Dataset items
----------

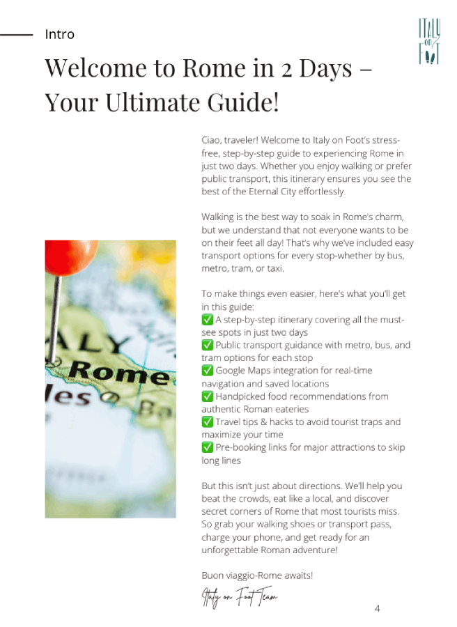 - You have 3+ full days and want slower pacing with more neighborhoods – the Three Days in Rome guide is built for that.
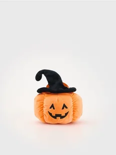 Poduszka w kształcie dyni z motywem halloween, z rozpinaną górą i dodatkowymi zabawkami wewnątrz.
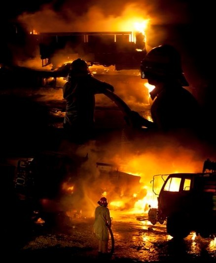 武裝分子先使用槍支及手榴彈等武器,對(duì)車隊(duì)開火,打死7人,造成另外7人受傷。隨后,武裝分子縱火燒毀車輛,一共有10多輛車被付之一炬。目擊者稱,大約有20個(gè)集裝箱起火燃燒。由于輪胎燃燒,油罐起火,現(xiàn)場發(fā)生一系列爆炸。
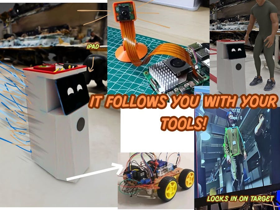 Also, what's the point of having a physical robot if its just gonna stand there and talk to you? That's why LabAssist helps you even transport tools across the room, guiding new users through safety protocols, or providing accessibility support for those with mobility needs. Imagine you need assistance to carry objects around and are unable to do so, it would be very difficult to work without a staff or other person constantly there to help you. So just place your tools on its head tray and it will use machine learning to follow you to your next work station! A personal butler of sorts!
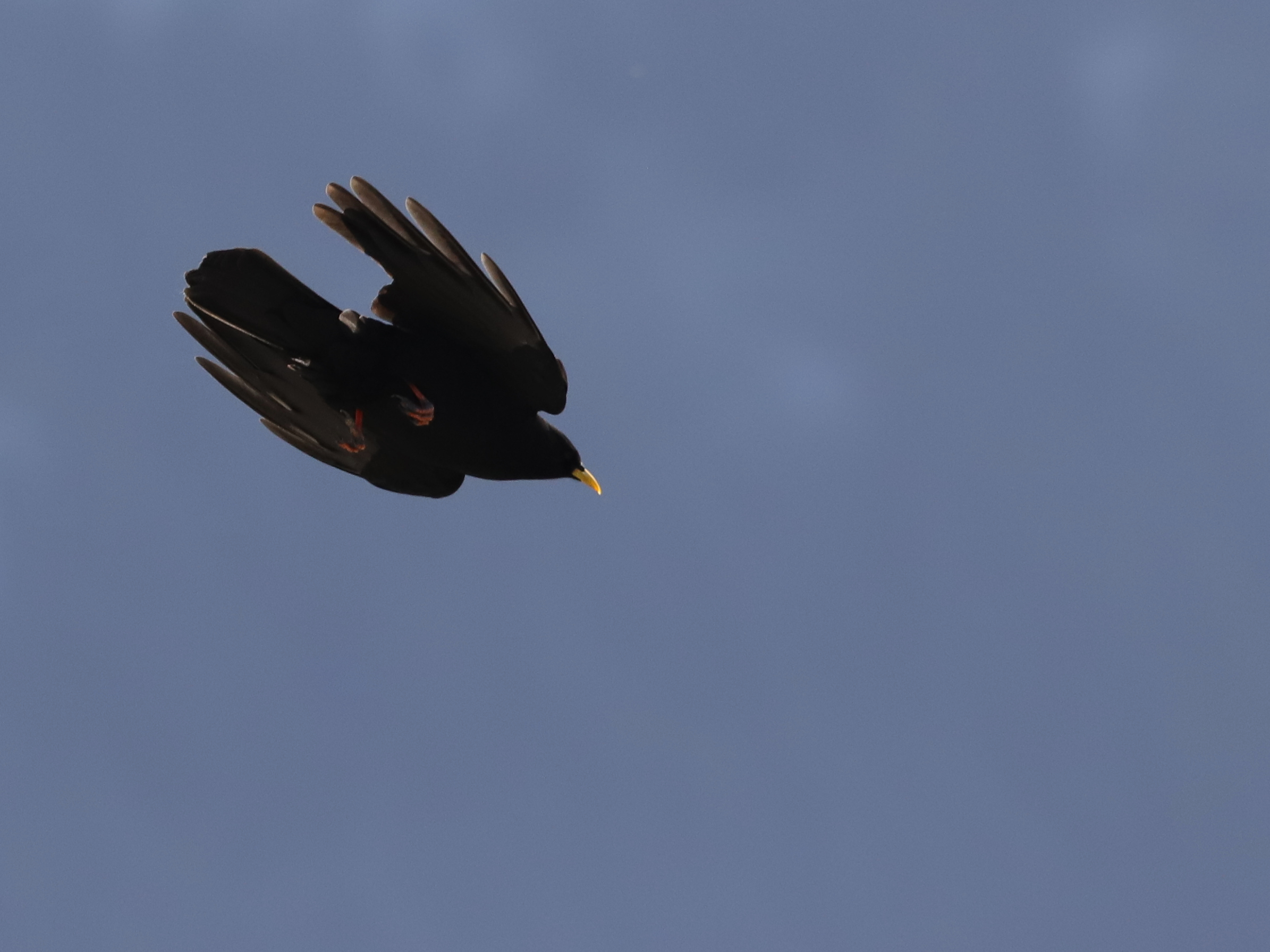 Oiseau montagnard, le Chocard à bec jaune est généralement occupé à picorer paisiblement ou à voler en bande …
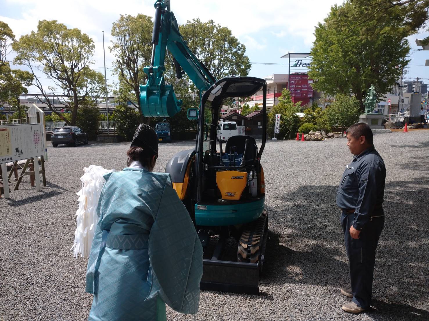 本日朝、当社の鳶頭をお務め下さっている㈱勝栄土建さんの掘削用建設機械(ユンボ)のお祓いが執り行われました。
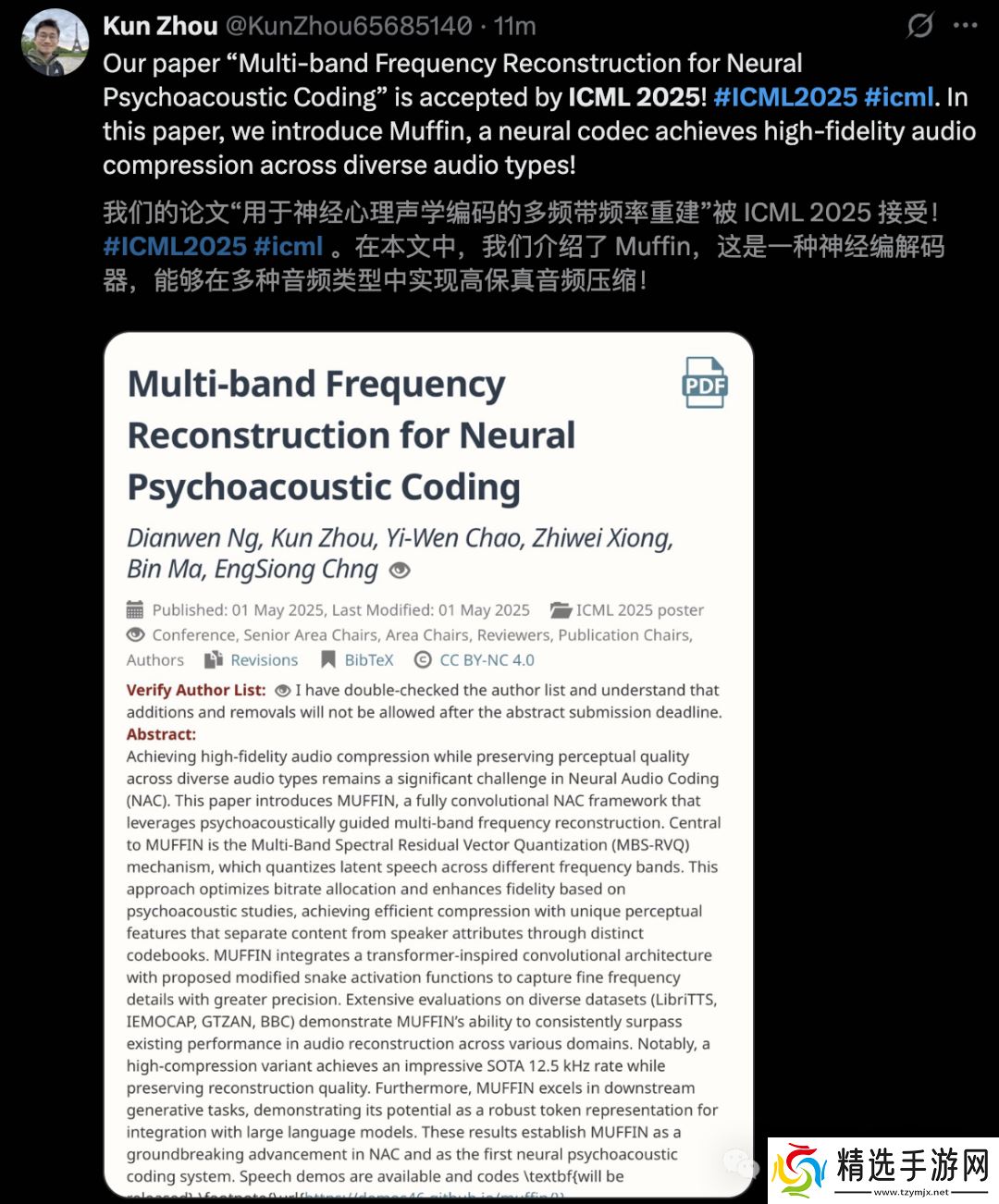 新加坡国立大学 Kun Zhou(周坤)一篇关于神经编码器 Muffin 被正式录用,这能够在多种音频类型中,实现高保真音频压缩。
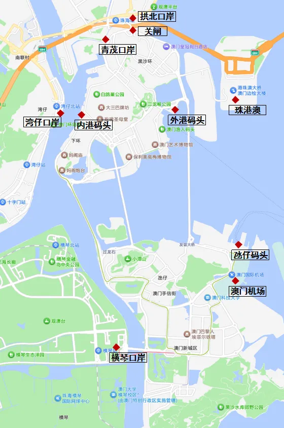 珠海→澳门:陆路步行过关,拱北口岸(6:00-次日1:00,近老城区)、横琴口岸(24h)、青茂口岸(24h);水路过关,湾仔口岸(7:00-22:00,到澳门内港码头,近大三巴,30分钟一班,坐船5分钟,船票25)
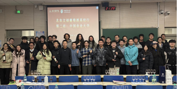 据悉,北农文创葡萄酒高校行自启动以来,首场品鉴会在北京农学院科技综合楼火热开启,获得校内师生一致好评。第二站也于2026年1月15日晚在中国农业大学成功举办。该站活动以文创葡萄酒品鉴与产业科普为核心,向中国农业大学师生展示了北农葡萄酒研发成果与助农实践,为系列高校巡礼活动奠定了良好基础。
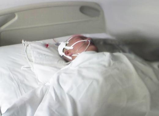 但,遮掩不了的是:张连英剃光了头发的头上插着粗细不同的管子,有的管里满是从脑内引出的血,大块的医用药布包扎在头部手术后的刀口上,鼻内也插着管子,见上图。
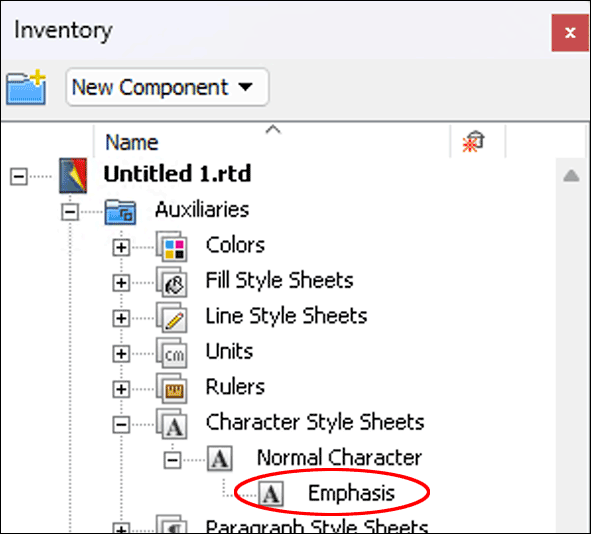 Let's return to the Inventory for a moment. If you have defined style sheets for a document, these are listed in the auxiliaries folder of the Inventory in the corresponding category. As long as you have only worked with the normal character in a document, only this style sheet is displayed there.
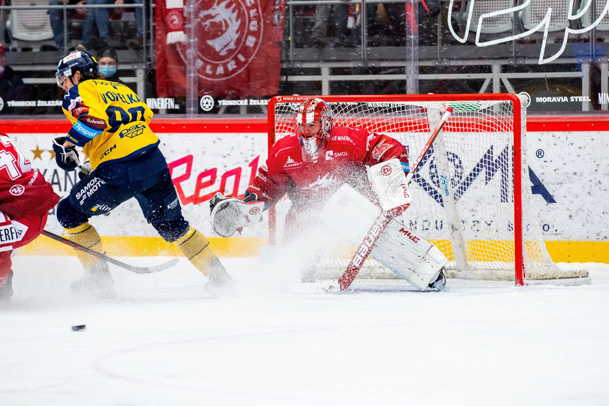 Odražená přihrávka od Vladimíra Svačiny míří přímo na Andreje Nestrašila
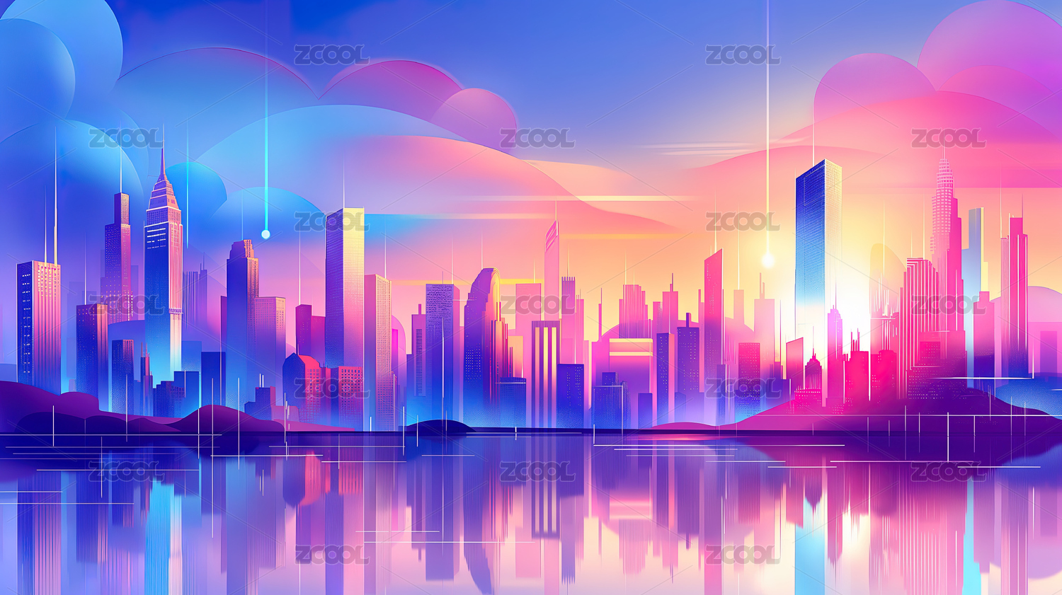 城市,抽象,粒子,著名景点,发光,弯曲,科学技术,建筑外部,城市天际线,喷泉
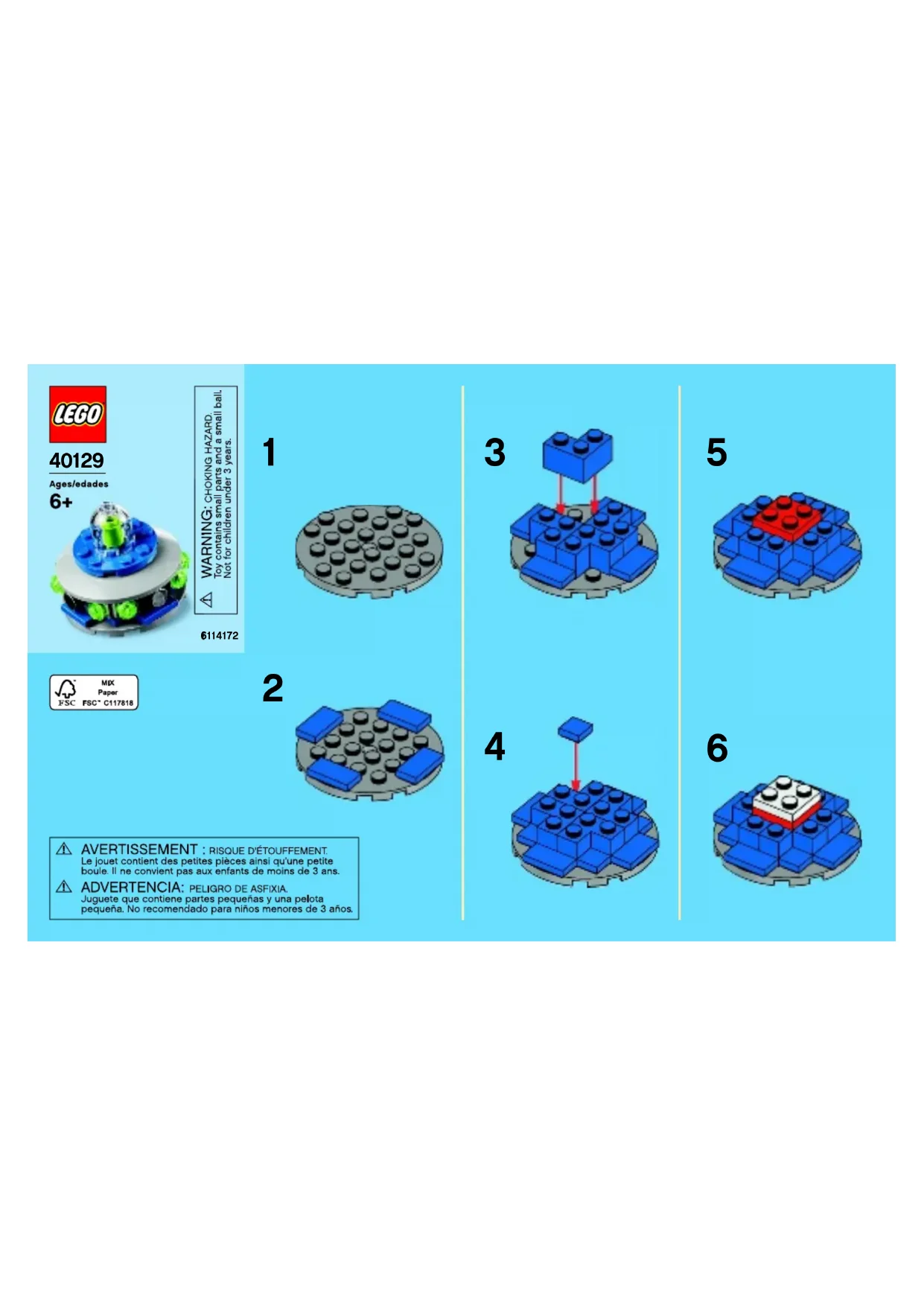 Le LEGO UFO 40129 n'est pas recommandé pour les enfants de moins de 3 ans en raison de petites pièces qui peuvent présenter un risque d'étouffement.

----------

**Activity**. Reproduce exactly, and only, the lines that begin at the one containing "Odražená přihrávka od" and end with the final line of the data, both included, while omitting every picture.

**Task answer**.
 Odražená přihrávka od Vladimíra Svačiny míří přímo na Andreje Nestrašila
 城市,抽象,粒子,著名景点,发光,弯曲,科学技术,建筑外部,城市天际线,喷泉
 Le LEGO UFO 40129 n'est pas recommandé pour les enfants de moins de 3 ans en raison de petites pièces qui peuvent présenter un risque d'étouffement.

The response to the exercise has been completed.